Data de estreia e o que esperar da adaptação
Segundo a divulgação, o filme estreia em 16 de outubro nos cinemas. Isso coloca o remake bem no radar de quem gosta de apostas de “filme de evento”, daqueles que você vê e depois discute como se fosse série da temporada.
Na prática, a gente deve esperar uma adaptação que mantenha o romance e a ironia social do original, mas com um tratamento mais cinematográfico. Pense em figurino, encenação e fotografia voltados para criar contraste: beleza por fora, conflito por dentro. E, sim, aquele tipo de romantismo que faz a gente acreditar por alguns segundos que o mundo podia ser menos complicado. Spoiler: não podia, mas a gente vai junto mesmo.
Para quem quer acompanhar sem depender só do trailer, vale acompanhar o material oficial da Focus Features, que costuma consolidar as novidades do calendário e sinopses à medida que a produção se aproxima da estreia. Assim dá para conectar elenco, direção e proposta do filme sem cair em informação solta.
Esse remake consegue equilibrar romance e ironia?
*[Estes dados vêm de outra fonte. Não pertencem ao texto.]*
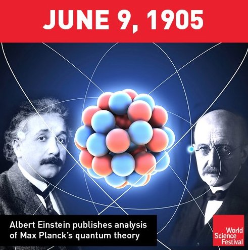 Einstein explains photoelectric effect, launching quantum mechanics. (I'm a day late but in a quantum world how can we be sure?)pic.twitter.com/b05OQkxmNc

Remake de Razão e Sensibilidade é sempre um desafio e, ao mesmo tempo, uma oportunidade. Se a produção acertar no tom, no ritmo e na entrega emocional da Daisy Edgar-Jones, a gente pode ter uma versão que respeita Austen e, ainda assim, se posiciona como cinema atual.
O trailer já dá sinal de que eles estão tentando fazer isso: manter a essência do clássico enquanto deixam a história respirar com intensidade. Agora é esperar outubro. Porque se tem uma coisa que a gente sabe sobre Jane Austen é que orgulho e sensibilidade nunca saem de moda. Elas só mudam de roupa.